*SUPPLIED DATA:*
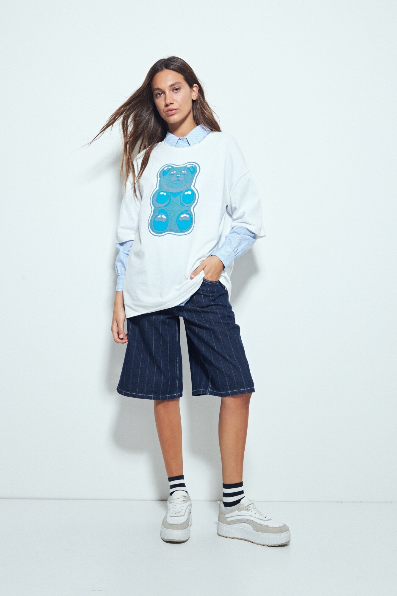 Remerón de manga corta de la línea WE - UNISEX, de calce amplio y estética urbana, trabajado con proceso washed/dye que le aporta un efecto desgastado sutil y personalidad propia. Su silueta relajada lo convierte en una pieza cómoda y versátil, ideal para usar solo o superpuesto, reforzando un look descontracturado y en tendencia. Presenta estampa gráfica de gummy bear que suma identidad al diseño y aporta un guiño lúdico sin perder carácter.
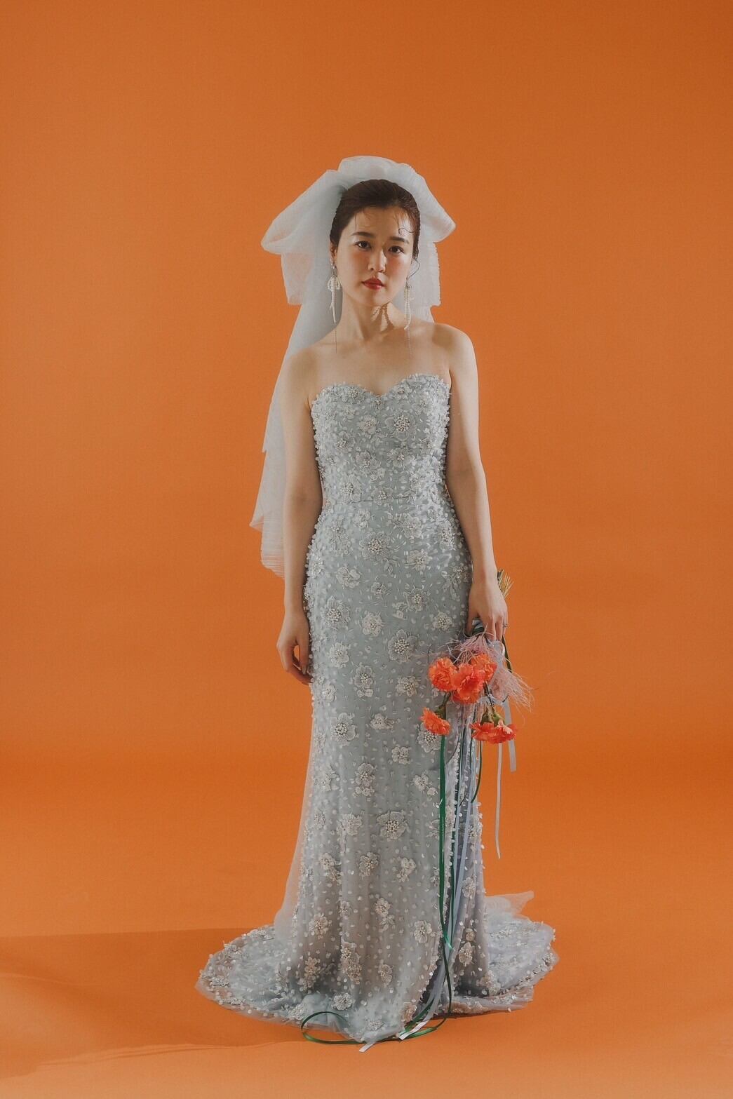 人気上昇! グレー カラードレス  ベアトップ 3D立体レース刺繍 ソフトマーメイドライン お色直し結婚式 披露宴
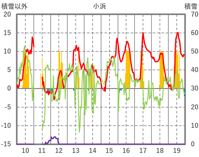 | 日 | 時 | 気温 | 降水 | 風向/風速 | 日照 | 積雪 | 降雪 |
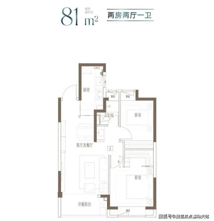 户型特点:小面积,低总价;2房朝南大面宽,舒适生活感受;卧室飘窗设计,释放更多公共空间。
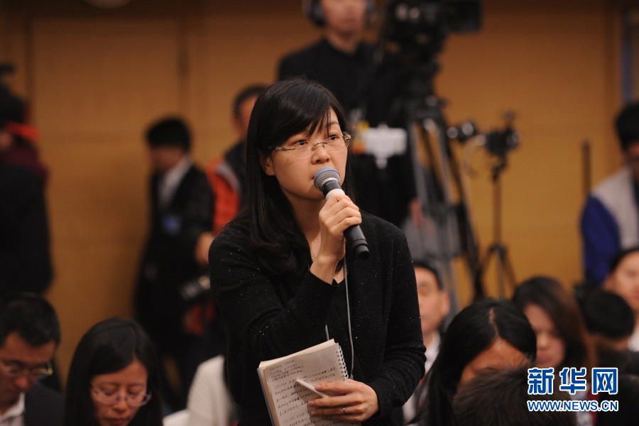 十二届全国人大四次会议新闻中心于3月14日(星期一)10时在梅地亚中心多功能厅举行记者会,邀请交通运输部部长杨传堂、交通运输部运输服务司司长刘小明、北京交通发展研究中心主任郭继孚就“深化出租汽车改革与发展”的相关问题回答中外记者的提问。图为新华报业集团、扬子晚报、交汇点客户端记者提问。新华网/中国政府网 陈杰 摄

*EXERCISE REQUIREMENTS:* Where an entry holds an image, drop the image and copy the remaining text exactly.

*ANSWER AREA:*
 Remerón de manga corta de la línea WE - UNISEX, de calce amplio y estética urbana, trabajado con proceso washed/dye que le aporta un efecto desgastado sutil y personalidad propia. Su silueta relajada lo convierte en una pieza cómoda y versátil, ideal para usar solo o superpuesto, reforzando un look descontracturado y en tendencia. Presenta estampa gráfica de gummy bear que suma identidad al diseño y aporta un guiño lúdico sin perder carácter.
 人気上昇! グレー カラードレス  ベアトップ 3D立体レース刺繍 ソフトマーメイドライン お色直し結婚式 披露宴
 | 日 | 時 | 気温 | 降水 | 風向/風速 | 日照 | 積雪 | 降雪 |
 户型特点:小面积,低总价;2房朝南大面宽,舒适生活感受;卧室飘窗设计,释放更多公共空间。
 十二届全国人大四次会议新闻中心于3月14日(星期一)10时在梅地亚中心多功能厅举行记者会,邀请交通运输部部长杨传堂、交通运输部运输服务司司长刘小明、北京交通发展研究中心主任郭继孚就“深化出租汽车改革与发展”的相关问题回答中外记者的提问。图为新华报业集团、扬子晚报、交汇点客户端记者提问。新华网/中国政府网 陈杰 摄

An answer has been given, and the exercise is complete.